- Bishnugarh Location in Jharkhand, India Bishnugarh Bishnugarh (India)
- Coordinates: 24°01′27″N 85°44′25″E﻿ / ﻿24.0243°N 85.7404°E
- Country: India
- State: Jharkhand
- District: Hazaribagh

Population (2011)
- • Total: 4,847

Languages
- • Official: Hindi, Santhali
- Time zone: UTC+5:30 (IST)
- PIN: 825312 (Bishnugarh)
- Telephone/ STD code: 06557
- Vehicle registration: JH 02
- Website: hazaribag.nic.in

= Bishnugarh =

Bishnugarh (also called Bishungarh) is a census town in the Bishnugarh CD block in the Hazaribagh Sadar subdivision of the Hazaribagh district in the Indian state of Jharkhand.

==Geography==

===Location===
Bishnugarh is located at .

Konar Dam is 10 km from Bishungarh. It is off Bishnugarh-Gomia road.

===Area overview===
Hazaribagh district is a plateau area and forests occupy around about 45% of the total area. It is a predominantly rural area with 92.34% of the population living in rural areas against 7.66% in the urban areas. There are many census towns in the district, as can be seen in the map alongside. Agriculture is the main occupation of the people but with the extension of coal mines, particularly in the southern part of the district, employment in coal mines is increasing. However, it has to be borne in mind that modern mining operations are highly mechanised. Four operational areas of Central Coalfields are marked on the map. All these areas are spread across partly this district and partly the neighbouring districts.

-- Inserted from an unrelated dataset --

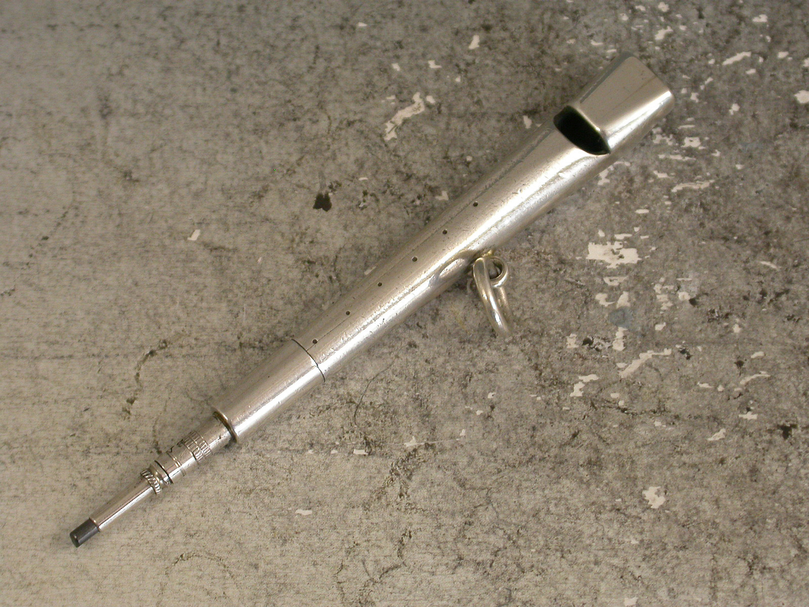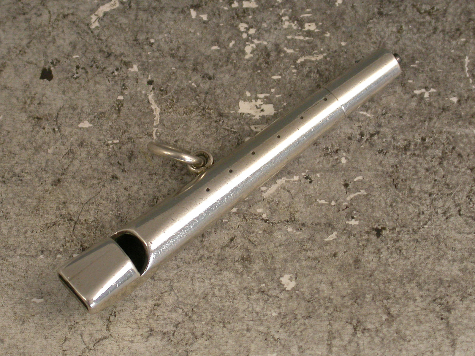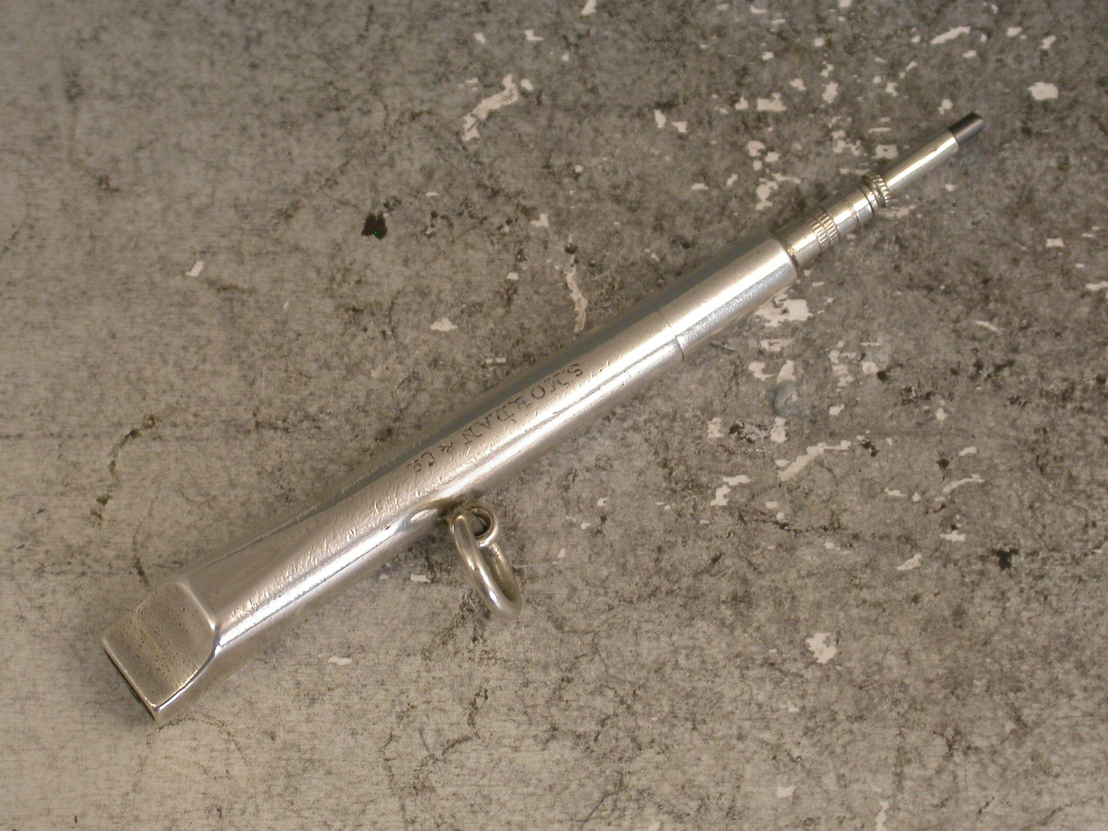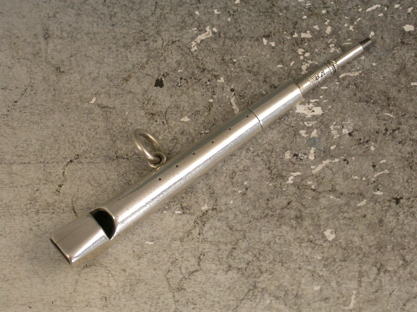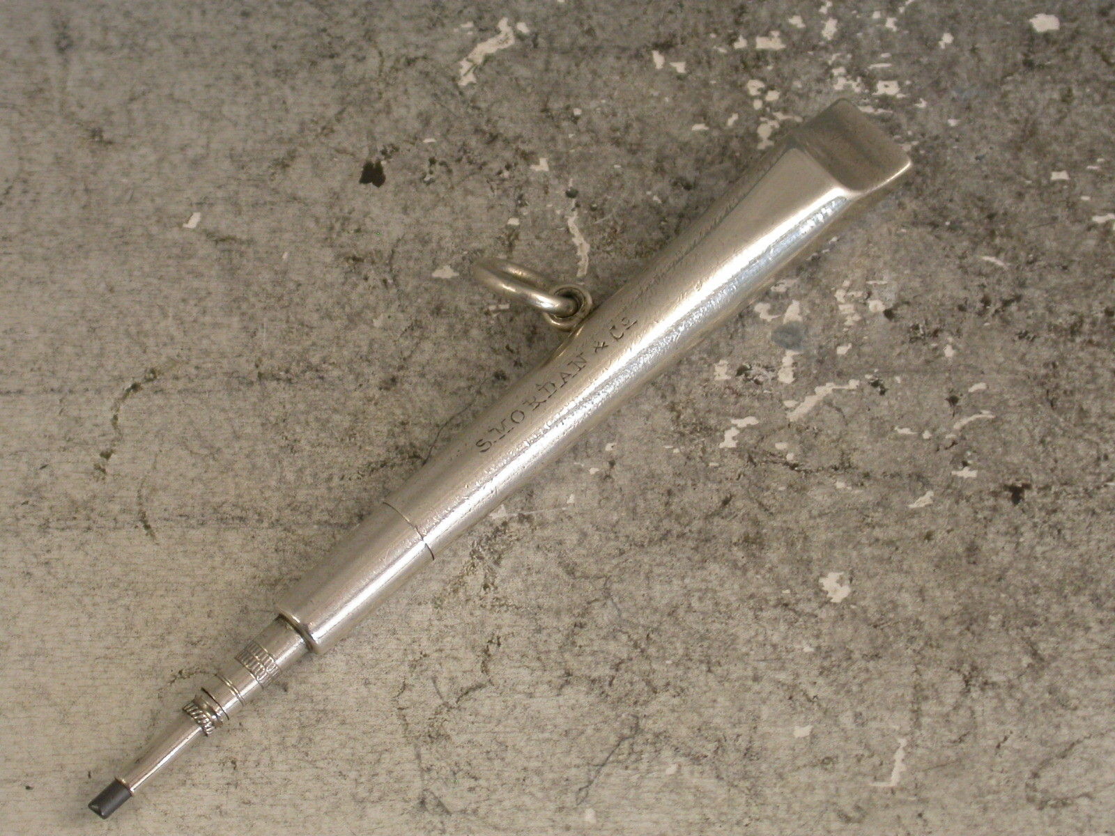 A rare Victorian novelty silver Propelling Pencil made in the form of a flute or penny whistle, engraved with six dots to simulate the holes. Twist action to propel the pencil and attached suspension ring.
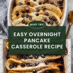 Keywords: pancake casserole, breakfast casserole, make ahead breakfast, baked pancake dish, cinnamon vanilla custard, overnight casserole

Note: The map alongside presents some of the notable locations in the district. All places marked in the map are linked in the larger full screen map. Urbanisation data calculated on the basis of census data for CD blocks and may vary a little against unpublished official data.

==Civic administration==
===Police station===
Bishnugarh police station serves the Bishnugarh CD block.

===CD block HQ===
The headquarters of Bishnugarh CD block are located at Bishnugarh.

==Demographics==
According to the 2011 Census of India, Bishnugarh (location code 368484) had a total population of 4,847, of which 2,527 (52%) were males and 2,320 (48%) were females. Population in the age range 0–6 years was 728. The total number of literate persons in Bishnugarh was 3,414 (82.88% of the population over 6 years).

==Infrastructure==
According to the District Census Handbook 2011, Hazaribagh, Bishnugarh covered an area of 1.97 km^{2}. Among the civic amenities, it had 13 km roads with both open and covered drains, the protected water supply involved covered wells, uncovered wells. It had 742 domestic electric connections, 11 road lighting points. Among the educational facilities it had 2 primary schools, 2 middle schools, the nearest secondary school, senior secondary school at Chedar 1 km away. One important community it manufactured was bell metal (kansa) utensils. It had the branch office of 1 agricultural credit society.

== Transport ==
The Gomia road meets Hazaribagh-Hazaribagh Road railway station (Suriya) road at Bishnugarh. Bagodar, on National Highway 19 (old NH 2), is around 13 km away. Hazaribagh is 45 km west of Bishnugarh.

==Education==
Bishnugarh Inter College, located at Chalanga, was established in 1984. It is a co-educational institute with arrangements for teaching in classes XI and XII.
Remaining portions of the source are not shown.